TASK DATA:
──────────

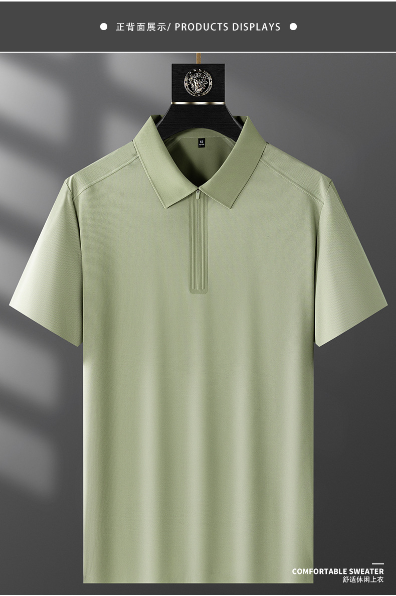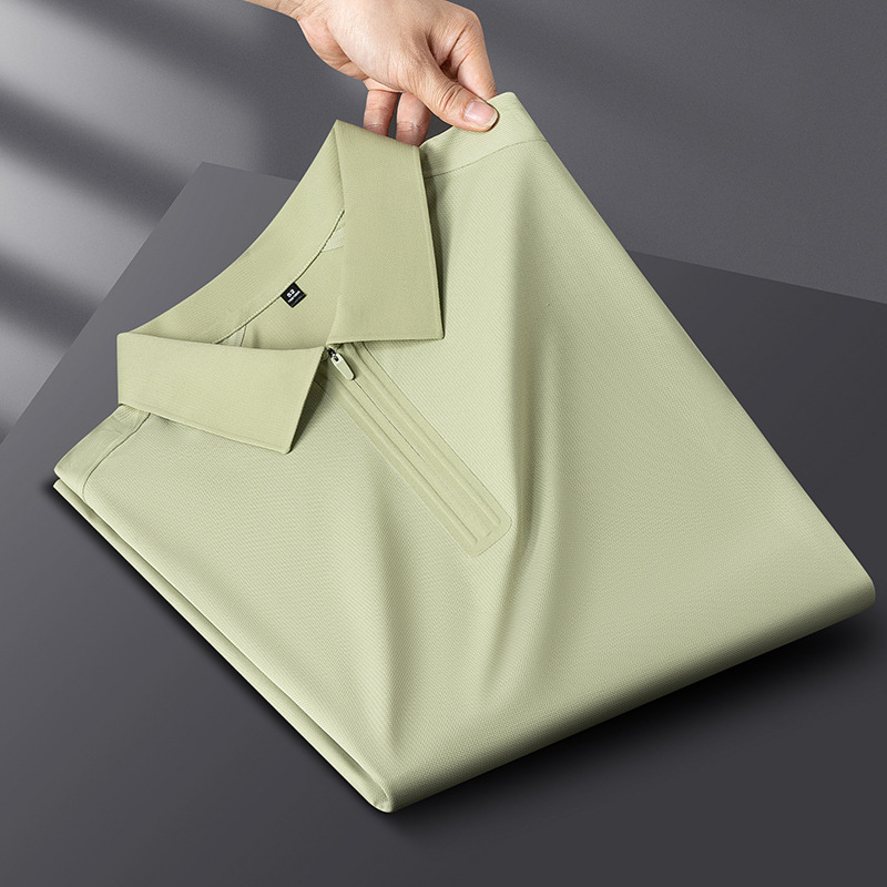 하이 엔드 여름 원활한 압력 접착제 아이스 센스 반팔 폴로 셔츠 남성용 슬림 핏 패션 캐주얼 지퍼 립 반소매 티셔츠스토어 가기
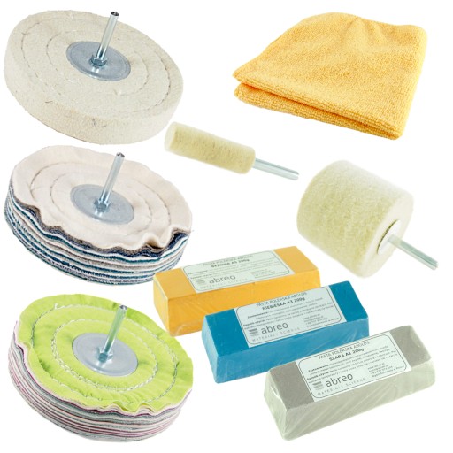 Zestaw tarcz i past do polerowania felg aluminiowych, stali i innych metali.
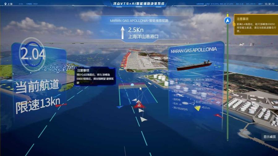 10時15分,“阿波羅尼亞”輪航經黃澤洋燈船,進入洋山港主航道。在其進港全程,洋山港海事局自主研發的人工智能系統“VTS精靈”開啓實時智慧導航模式,通過整合多源數據、智能感知航行環境、自動生成航行建議,爲船舶提供從航路選擇、航速調整到風險預警的全鏈條數字化導航支持,實現了對重點船舶的全程、動態、精準監護。
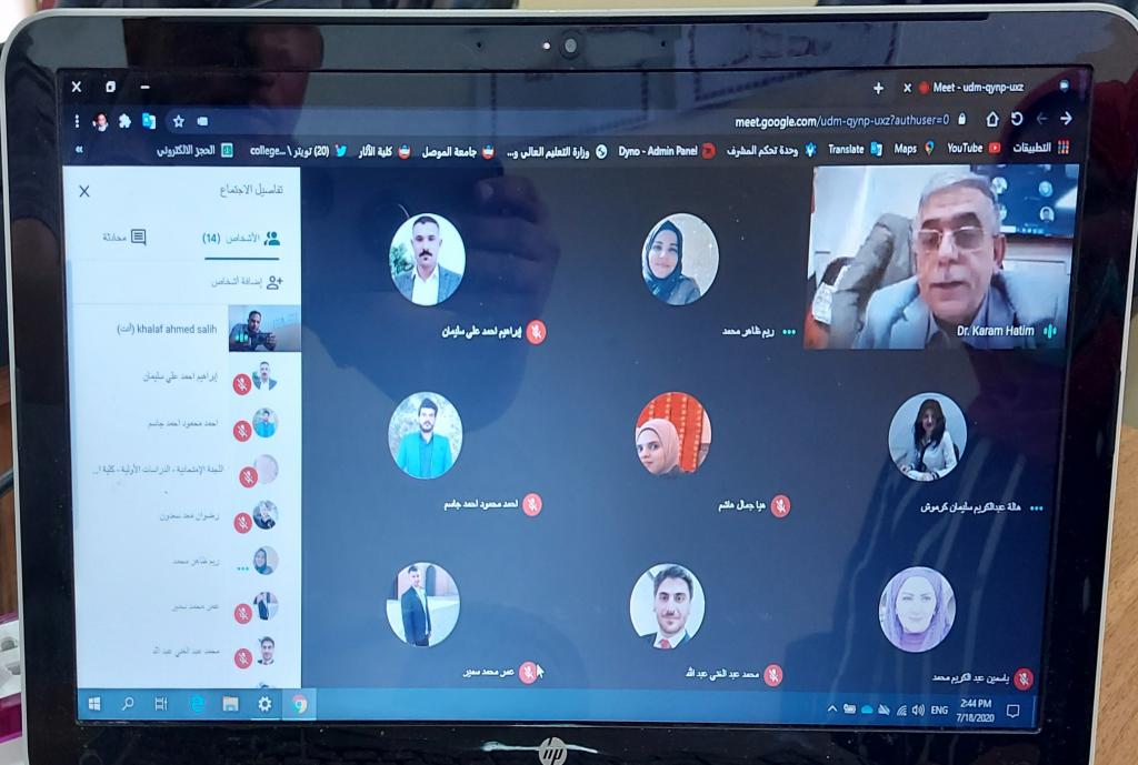 تفقد السيد مساعد رئيس جامعة الموصل للشؤون العلمية الاستاذ الدكتور منير سالم طه سير الامتحانات الإلكترونية النهائية في كليتنا بحضور الأستاذ المساعد الدكتورة ياسمين عبدالكريم محمد علي عميد الكلية ، انظم البدراني عبر برنامج Google meet مع الطلبة الممتحنين وتفقد سير الامتحانات والقى خلال لقائه بالطلبة كلمة تشجيعية ، وأشاد بدور عمادة الكلية واللجان الامتحانية واللجان الساندة في تسيير عجلة الامتحانات النهائية ، كما تمنى في نهاية اللقاء الموفقية والنجاح لجميع الطلبة .
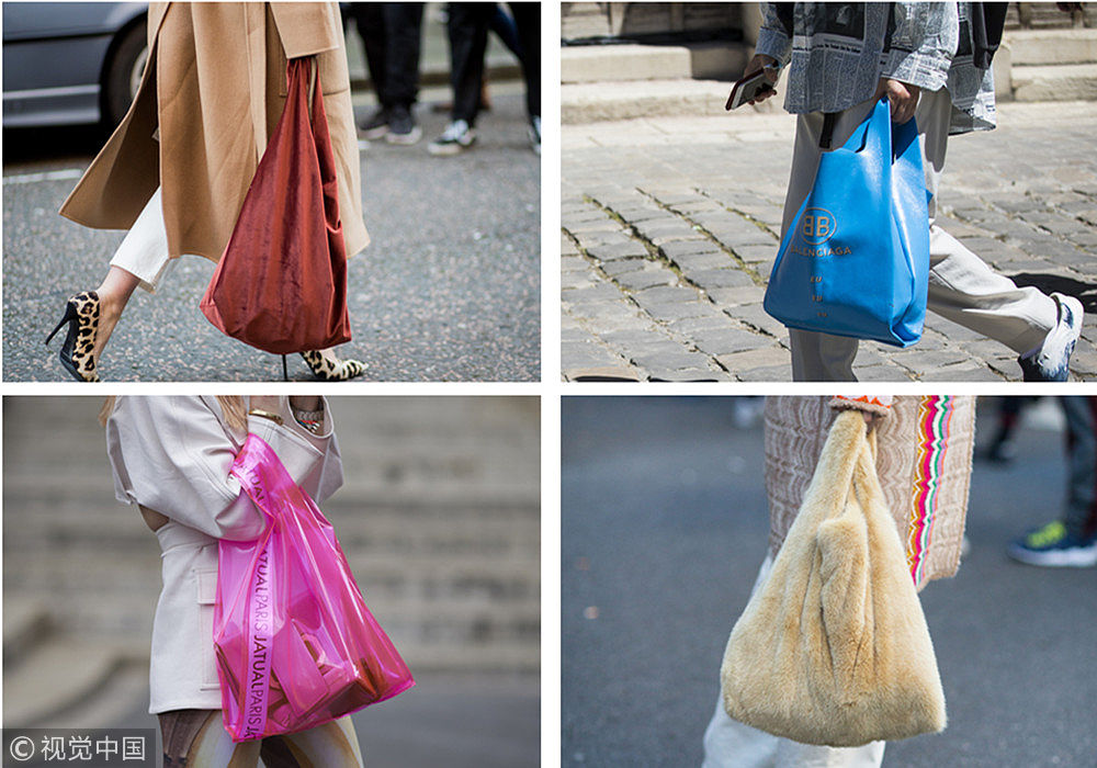 只要你想时髦,没有时尚圈做不到的。困扰环保问题的塑料袋如今换个材质进军时尚圈,挂耳式背心手拎包,简简单单佛系十足,不但装的多,简约轻便是超时髦,新的“菜篮子”买起来。Alexander Wang、Balenciaga、Simonetta Ravizza都有出品哦,换个材质身价倍增爱不释手。(图片来源:视觉中国)
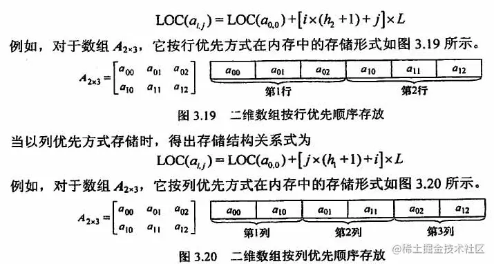 对于多维数组,有两种映射方法:按行优先和按列优先。
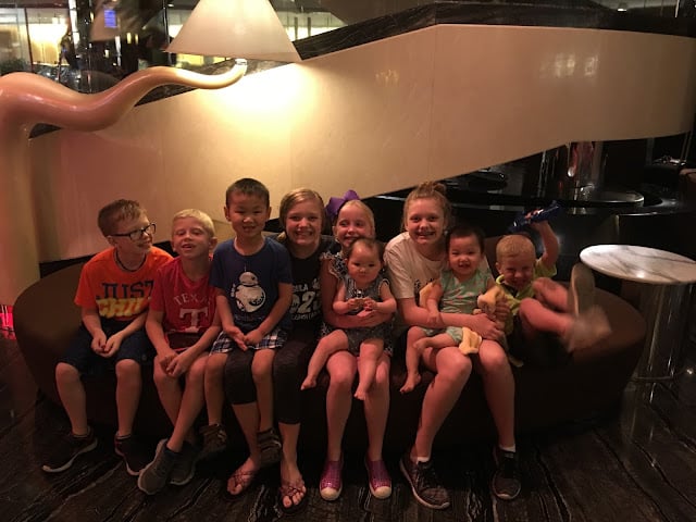 Wednesday morning we said goodbye to our guide (totally missed a picture with her) and loaded up in our big van along with the W family to head to Hong Kong. We had a one night stay there before we all flew out on Thursday. The drive from Guanghzo to Hong Kong was about three hours. When we crossed over to Hong Kong we had to split up into three different vans…only certain cars were authorized to drive in Hong Kong. It was pouring down rain during the car switcharoo and we had to have passports for everyone in each van. Hard to describe but imagine all the chaos! haha!
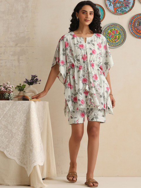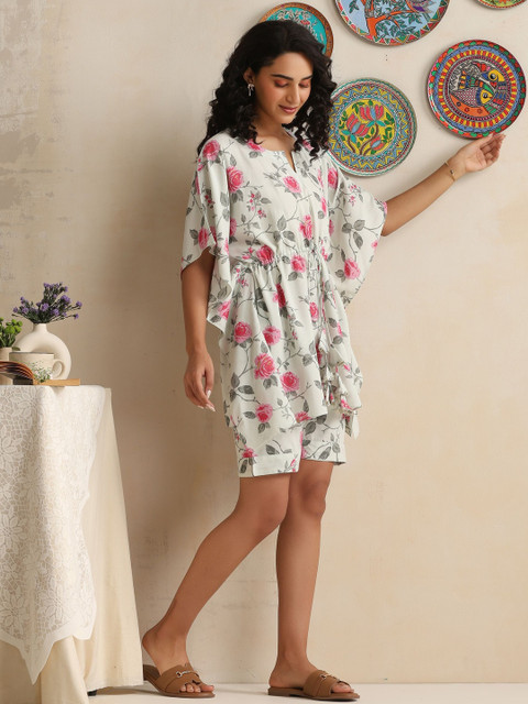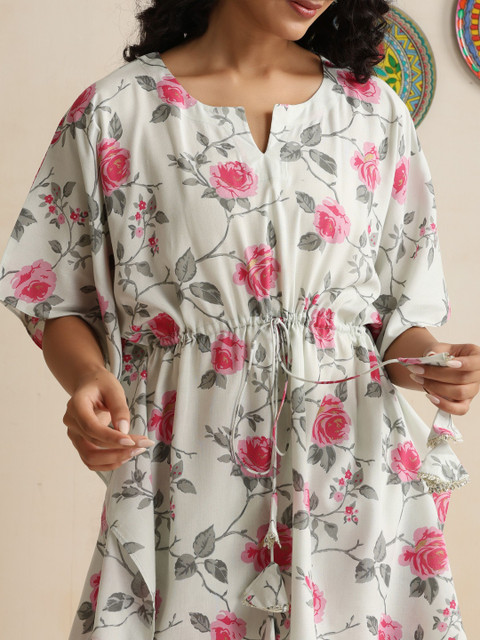 Off white floral printed kaftan , has a notch neck, has short, kaftan sleeves
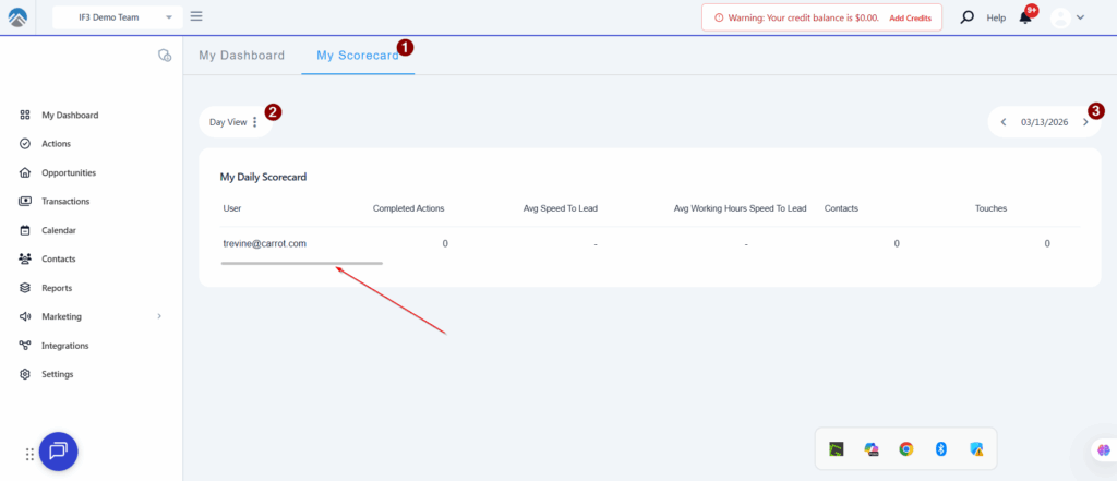 Today’s Metrics shows you your current KPIs for the day. This will reset daily at midnight so refer to My Scorecard if you want to see historical data.

──────────

TASK GOAL: Reproduce every line above exactly as written, omitting the images.

SOLUTION TO THE PROBLEM:
 하이 엔드 여름 원활한 압력 접착제 아이스 센스 반팔 폴로 셔츠 남성용 슬림 핏 패션 캐주얼 지퍼 립 반소매 티셔츠스토어 가기
 Zestaw tarcz i past do polerowania felg aluminiowych, stali i innych metali.
 10時15分,“阿波羅尼亞”輪航經黃澤洋燈船,進入洋山港主航道。在其進港全程,洋山港海事局自主研發的人工智能系統“VTS精靈”開啓實時智慧導航模式,通過整合多源數據、智能感知航行環境、自動生成航行建議,爲船舶提供從航路選擇、航速調整到風險預警的全鏈條數字化導航支持,實現了對重點船舶的全程、動態、精準監護。
 تفقد السيد مساعد رئيس جامعة الموصل للشؤون العلمية الاستاذ الدكتور منير سالم طه سير الامتحانات الإلكترونية النهائية في كليتنا بحضور الأستاذ المساعد الدكتورة ياسمين عبدالكريم محمد علي عميد الكلية ، انظم البدراني عبر برنامج Google meet مع الطلبة الممتحنين وتفقد سير الامتحانات والقى خلال لقائه بالطلبة كلمة تشجيعية ، وأشاد بدور عمادة الكلية واللجان الامتحانية واللجان الساندة في تسيير عجلة الامتحانات النهائية ، كما تمنى في نهاية اللقاء الموفقية والنجاح لجميع الطلبة .
 只要你想时髦,没有时尚圈做不到的。困扰环保问题的塑料袋如今换个材质进军时尚圈,挂耳式背心手拎包,简简单单佛系十足,不但装的多,简约轻便是超时髦,新的“菜篮子”买起来。Alexander Wang、Balenciaga、Simonetta Ravizza都有出品哦,换个材质身价倍增爱不释手。(图片来源:视觉中国)
 对于多维数组,有两种映射方法:按行优先和按列优先。
 Wednesday morning we said goodbye to our guide (totally missed a picture with her) and loaded up in our big van along with the W family to head to Hong Kong. We had a one night stay there before we all flew out on Thursday. The drive from Guanghzo to Hong Kong was about three hours. When we crossed over to Hong Kong we had to split up into three different vans…only certain cars were authorized to drive in Hong Kong. It was pouring down rain during the car switcharoo and we had to have passports for everyone in each van. Hard to describe but imagine all the chaos! haha!
 Off white floral printed kaftan , has a notch neck, has short, kaftan sleeves
 Today’s Metrics shows you your current KPIs for the day. This will reset daily at midnight so refer to My Scorecard if you want to see historical data.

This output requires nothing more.